A simple search of PubMed reveals striking insight. Querying the term prescribing yields 44 379 hits. In contrast, deprescribing yields only 672. Completing this exercise for a neurological condition such as epilepsy prescribing and epilepsy deprescribing yields similar results: 408 hits for the former and 3 for the latter. While this search is clearly overly simplistic, it illustrates a crucial point: attention is tremendously imbalanced.

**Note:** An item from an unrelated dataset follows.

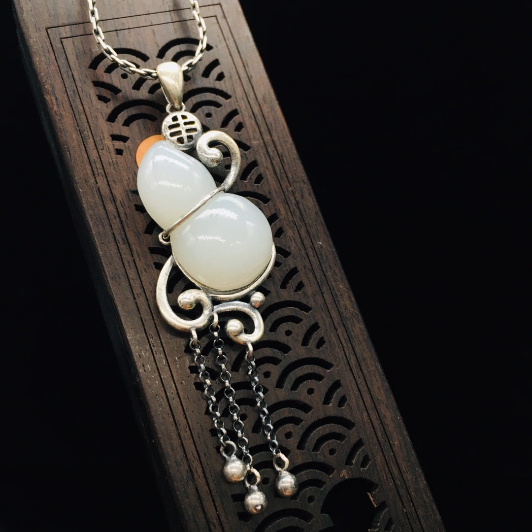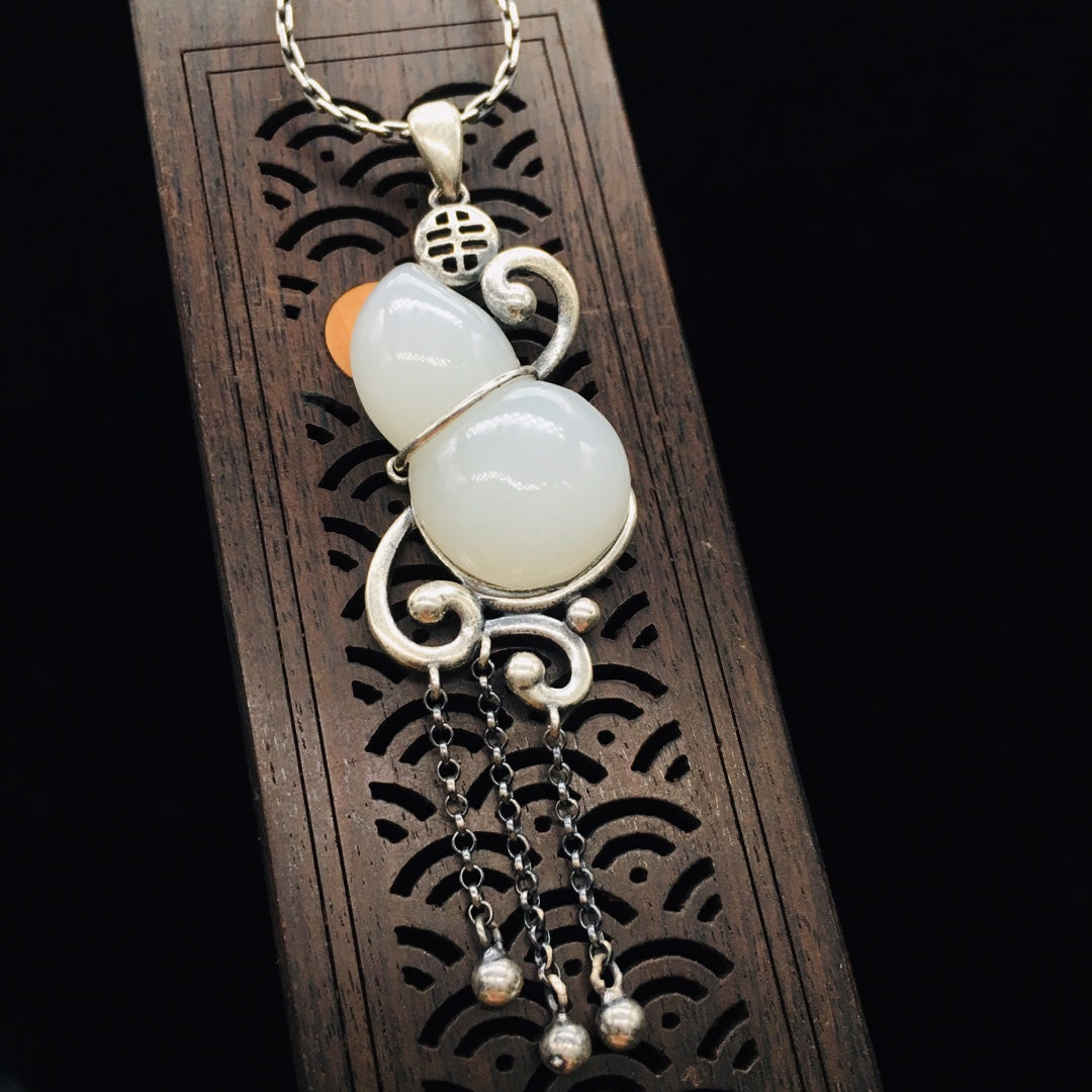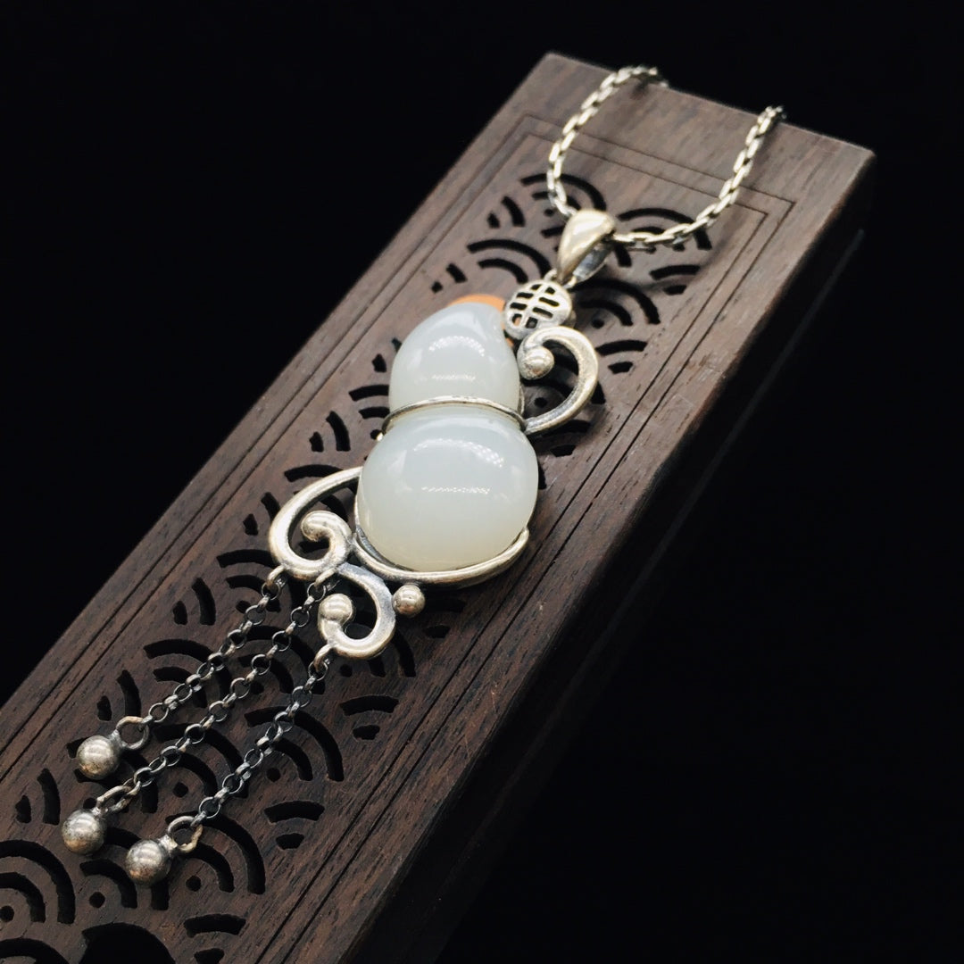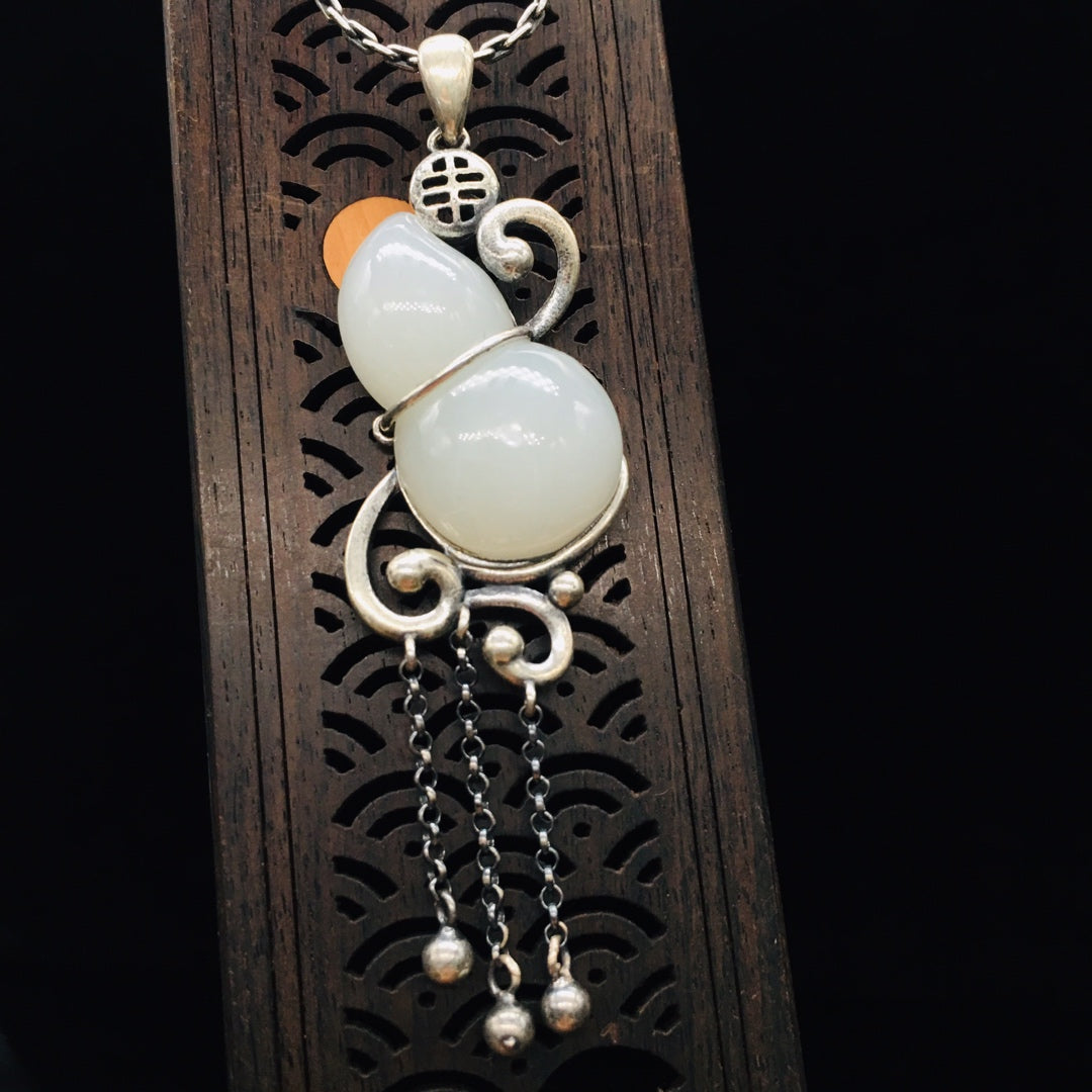 Silver-plated Hetian jade vintage gourd pendant, jade size: 15mmx23mm    银和田玉复古葫芦吊坠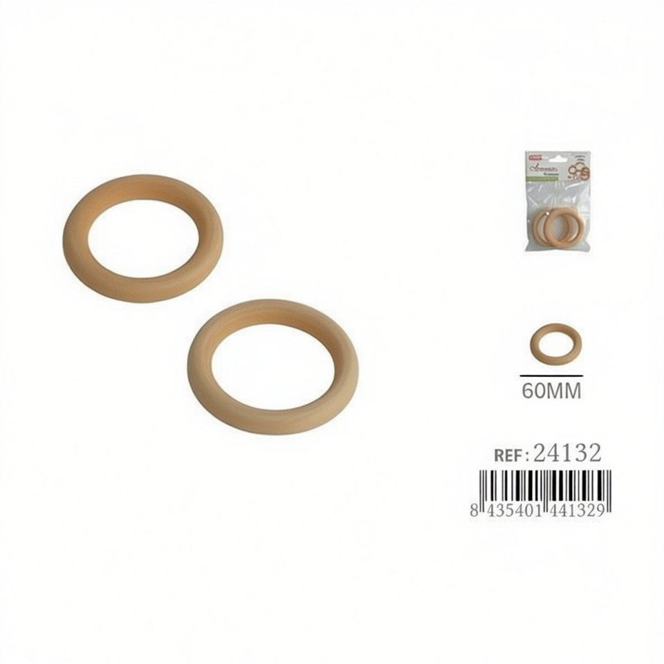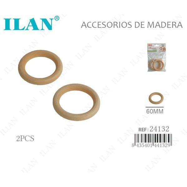 Anelli in legno Iln da 60 mm, 2 pezzi, per artigianato e accessori per cucito

What is the result? Half of US adults older than 65 years take 5 or more medications.1 It is no surprise that one survey found 67% of patients wanted to reduce their number of daily pills and 92% would be willing to stop a medication if their physician said it was possible.1 The emerging field of deprescribing—the systematic process of discontinuing drugs where harms outweigh benefits in the context of an individual patient’s values—seeks to rescue patients and clinicians alike.



中文翻译:

癫痫患者不宜使用:不要伤害。

简单搜索PubMed即可发现惊人的洞察力。查询“处方”一词可产生44 379次匹配。相比之下,开处方仅产生672次。针对神经系统疾病(如癫痫开处方癫痫开处方)完成此练习可获得相似的结果:前者408次,后者3次。尽管此搜索显然过于简单,但它说明了一个关键点:注意力极为不平衡。

结果是什么?65岁以上的美国成年人中有一半服用5种或以上药物。1一项调查发现67%的患者希望减少每日服药的数量,而92%的患者愿意在医生表示可能的情况下停止服药也就不足为奇了。1处方药的新兴领域-在个体患者价值观的背景下中止药物性危害的系统性过程-寻求抢救患者和临床医生。